Sannie Smit’s Chocolate Chip Cookies? Whaaat? I thought that lady was the local meat expert. Yes, she is. And nope, this cookie does not contain meat. Or biltong chips. It is a classic American-style chocolate chip cookie from Sannie Smit & Margaret Fulton’s new book “The A-Z of Food & Cookery in South Africa”. No strings attached – just a really good, soft, chewy, chocolate chip cookie. I just added double the amount of chocolate, to put my own little indulgent stamp on it.

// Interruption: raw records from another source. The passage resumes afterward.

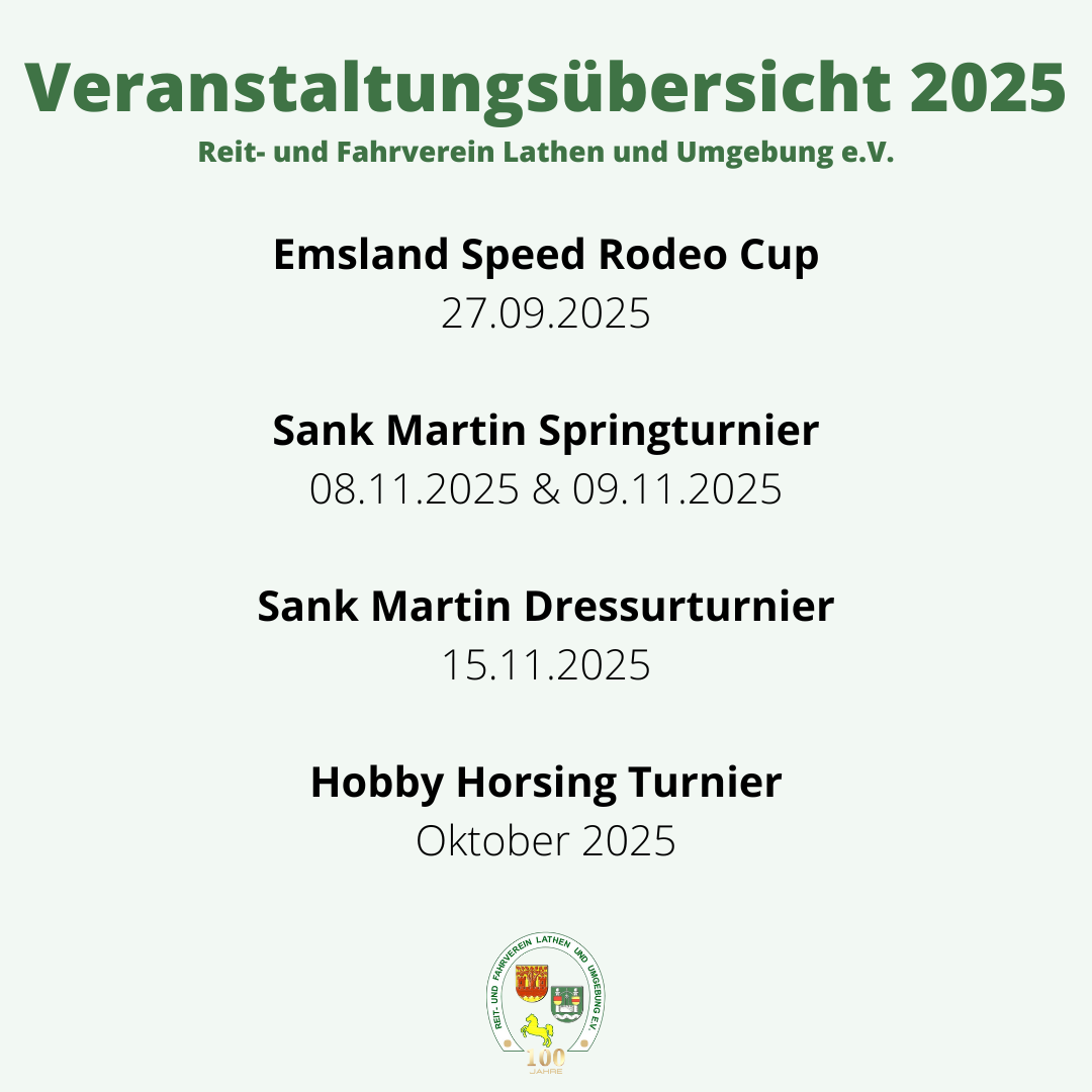 Wir haben euch kurz und bündig einmal die kommenden Veranstaltungen unseres Reitvereins zusammengestellt.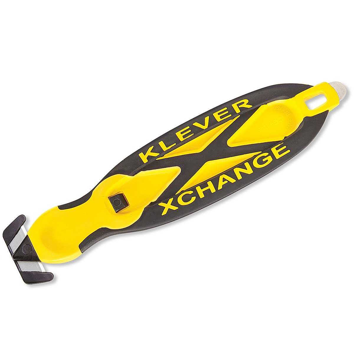 Deluxe Klever Safety Cutters – Combination of soft rubber grip and a comfortable ergonomic shape. Disposable blade head. Easy–release button. Dual–sided hook design with thick, recessed carbon steel blade. Lasts twice as long as single blade cutters. Built–in tape splitter reduces blade wear. Includes 1 blade. Replacement Blades available.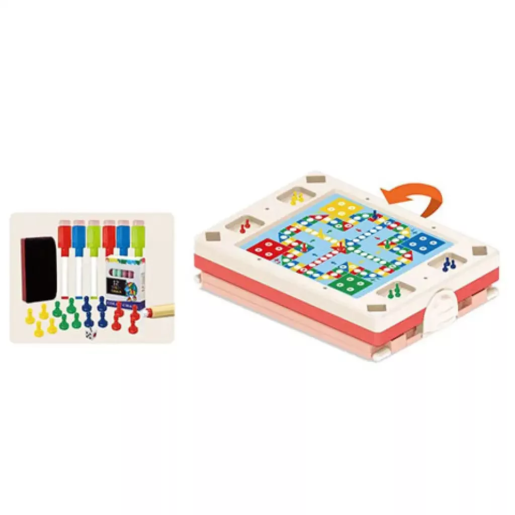 Ez a kreatív gyerekek számára tervezett különleges rajztábla garantáltan elnyeri a kicsik tetszését, hiszen nem csupán rajzolásra alkalmas, hanem egy mozdulattal kényelmes rajállvánnyá is alakítható, valamint társasjátékozásra is remekül használható. A készlet egy praktikus, fogantyúval ellátott, strapabíró műanyag táskában található, mely könnyedén szétnyitható, és stabilan rögzíthető akár álló helyzetben is. A dobozon belül minden olyan kiegészítő megtalálható, amire a gyerekeknek az alkotáshoz vagy játékhoz szükségük lehet: színes, letörölhető filcek, szivacs, továbbá a tábla hátulján kialakított, "KI nevet a végén?" elnevezésű társasjátékhoz szükséges bábuk és dobókocka.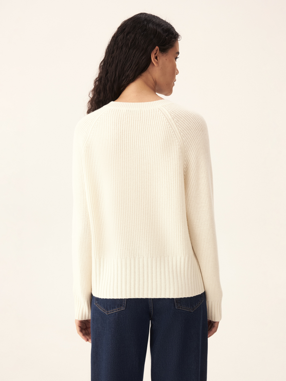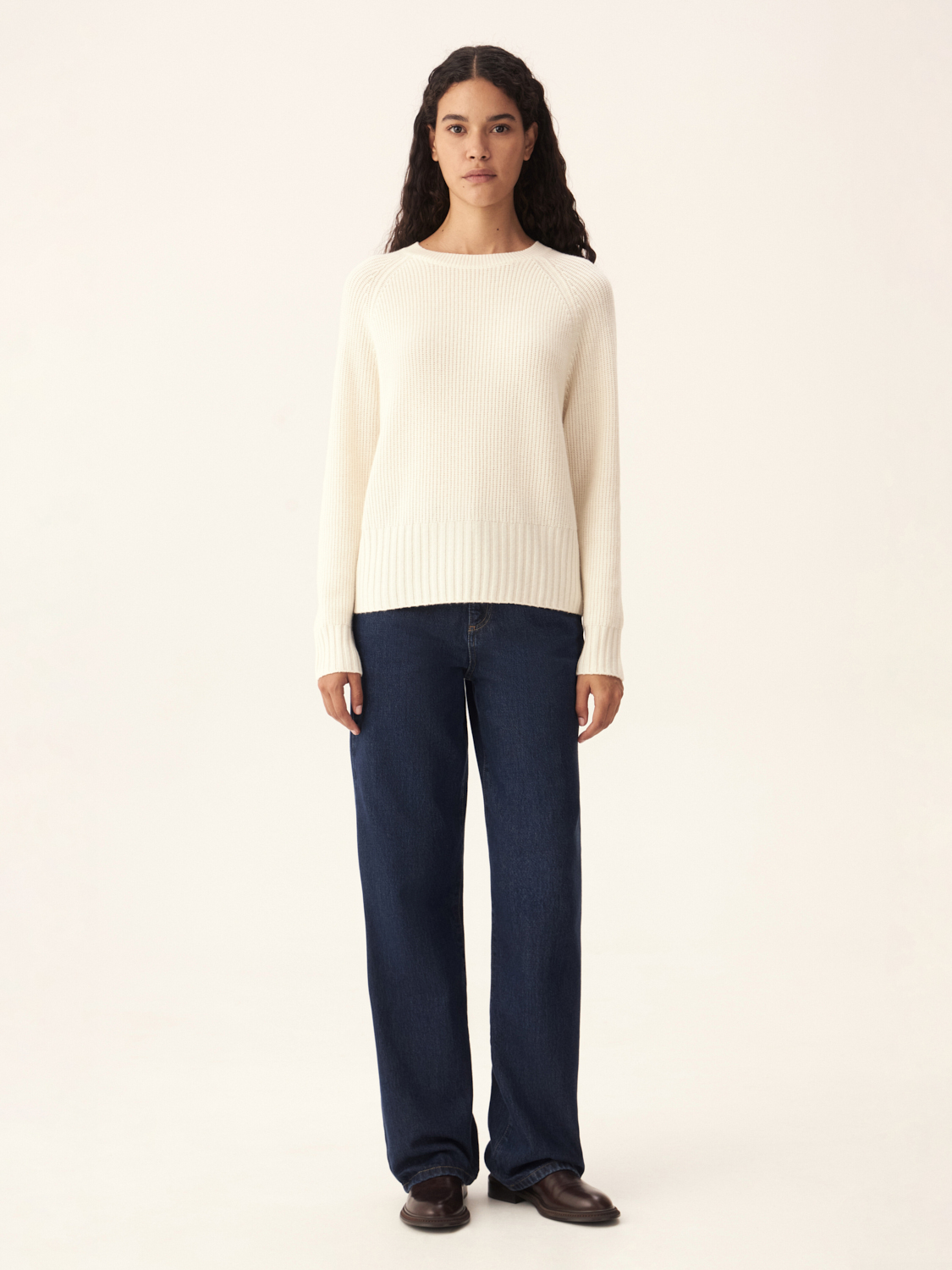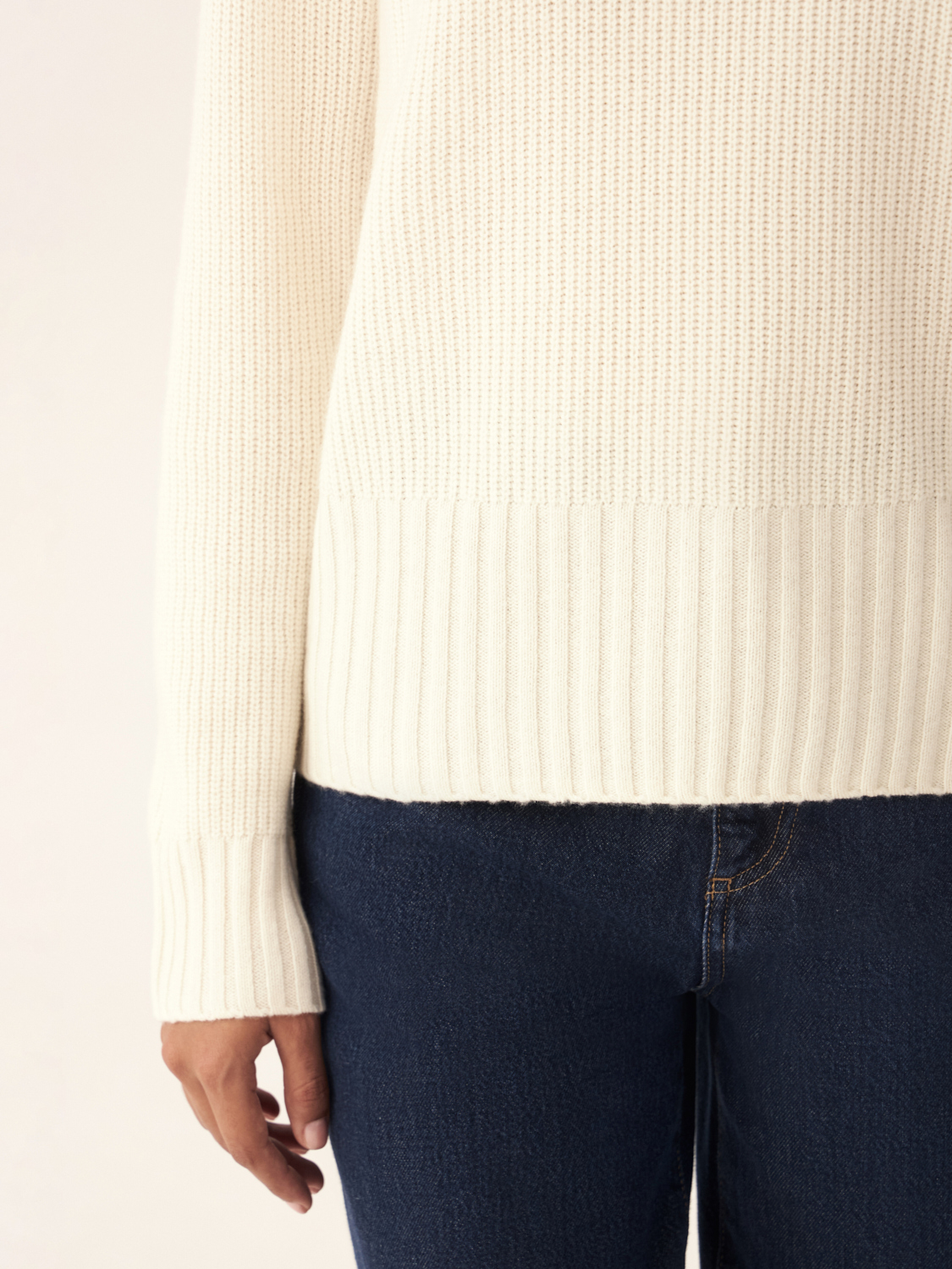 Джемпер из кашемира и шерсти — это сочетание роскоши и комфорта, идеально подходящее для создания уютного и стильного образа. Смесь кашемира и шерсти обеспечивает мягкость и тепло, делая этот джемпер идеальным для прохладных дней. Ребристая текстура придает модели объем и структурированность, а аккуратный круглый вырез и длинные рукава подчеркивают его классический стиль. Благодаря универсальному дизайну и нейтральному цвету, этот джемпер легко сочетается с различными элементами гардероба, будь то джинсы или более формальные брюки. На модели размер S.

So get yourself a glass of cold full-cream milk and start baking.
- 125 g butter
- 50 ml tightly packed brown sugar
- 125 ml (1/2 cup) white sugar
- 1 egg
- 1 teaspoon vanilla essence
- 300 ml cake flour
- 1 ml baking soda (bicarbonate of soda)
- 2.5 ml salt (half a teaspoon)
- 100 g chocolate chips (I use 2 x 100 g dark chocolate slabs, roughly chopped!)

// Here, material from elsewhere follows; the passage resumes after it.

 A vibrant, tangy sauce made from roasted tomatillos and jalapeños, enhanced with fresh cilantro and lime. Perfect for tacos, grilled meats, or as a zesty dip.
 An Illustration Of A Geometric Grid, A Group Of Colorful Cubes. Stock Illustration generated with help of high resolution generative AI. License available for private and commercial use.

Method: (makes about 36 small cookies or 18 large)
- Pre-heat oven to 180 degrees Celsius. Grease a baking tray.
- In an electric mixer, cream butter and both sugars untill light and fluffy.
- Add egg and vanilla and beat well.
- Sift flour, baking soda and salt together. Stir into wet mixture.

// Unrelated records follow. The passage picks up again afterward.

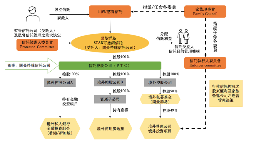 「信託控股公司」的董事即由「開曼持牌信託公司」擔任,以確保信託資產可按照「家族信託」契約的設立目的進行專業信託管理。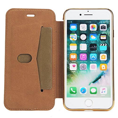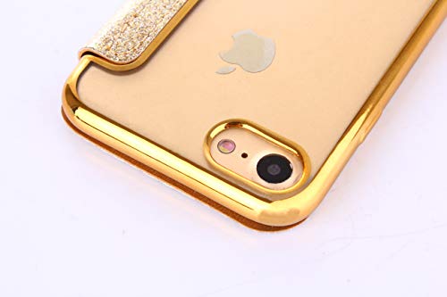 Yobby Glitter Cover per iPhone 7,Cover iPhone 8,Brillantini Pelle Flip Libro Portafoglio Custodia con Porta Carte e Trasparente Morbido TPU Indietro Placcatura Caso-Oro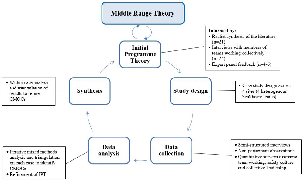 Expert panel discussions. To further advance and refine the IPT, a panel will be convened to gather the views of programme designers and experts in the fields of collective leadership, team working, and patient safety. The expert panel (n=4-6) will assist the research team in refining and finalising the IPT, and, if necessary, prioritising CMOCs for testing. The IPT will also be presented to a panel of researchers experienced in realist evaluation methodology to confirm plausibility and for refinement before it is finalised for testing. This programme theory will be tested and further developed through the subsequent stages of the realist evaluation process.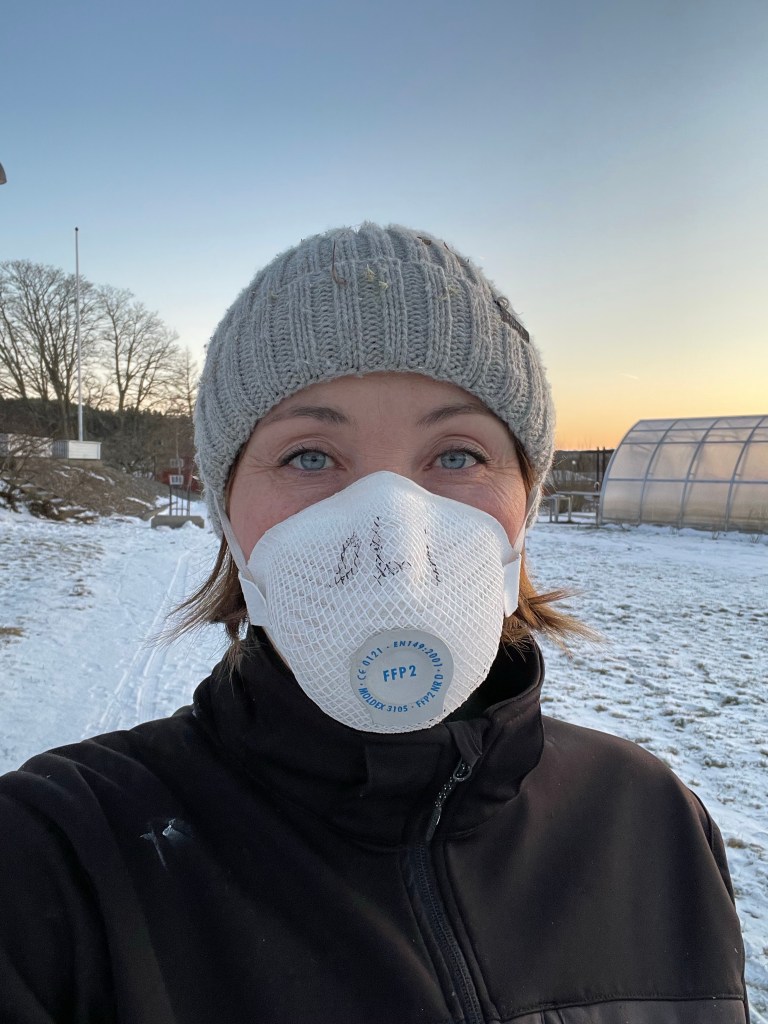 Sen blev det dags att åka och hämta ett lass hö från en dam i området som skulle tömma sitt höloft – gammalt hö, men det funkar ypperligt som bäddmaterial till grisarna och till hönsens reden. Det var dock lite dammigt, så när vi skulle tömma hela släpet så drog jag på mig nästa mundering: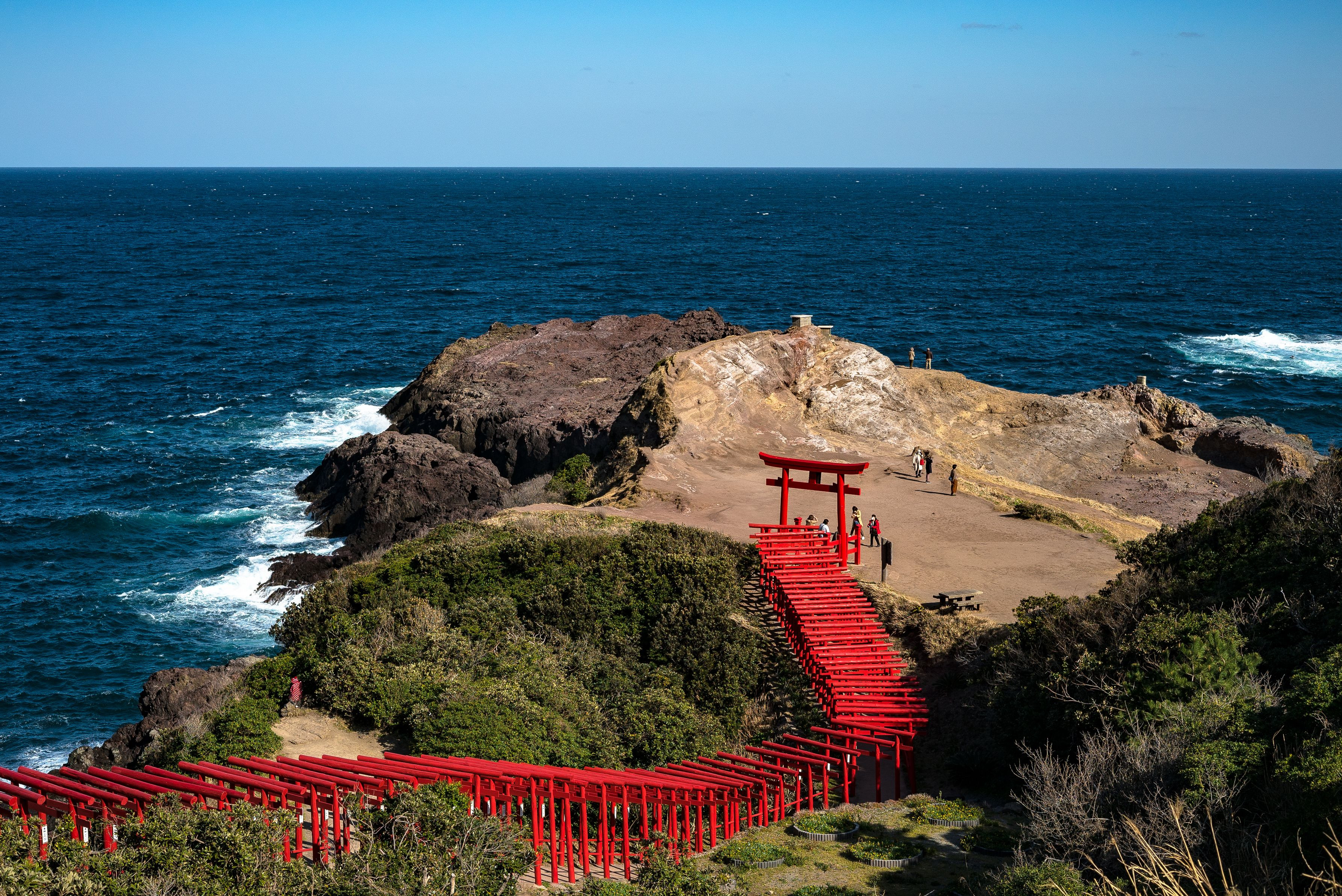 123基の鳥居の向こうには 断崖絶壁の景色。 たくさんの観光客で賑わっていました。

- Stir in chocolate chips or chopped chocolate.
- Drop teaspoonsful onto a greased baking tray, leaving room for spreading. (I use a small ice cream scoop to create perfectly round domes, but a teaspoon works fine)
- Bake for 10 minutes (small cookies) or 14 minutes (large cookies).
- Remove from oven and leave to cool on baking tray for a few minutes, before removing and cooling further on wire racks.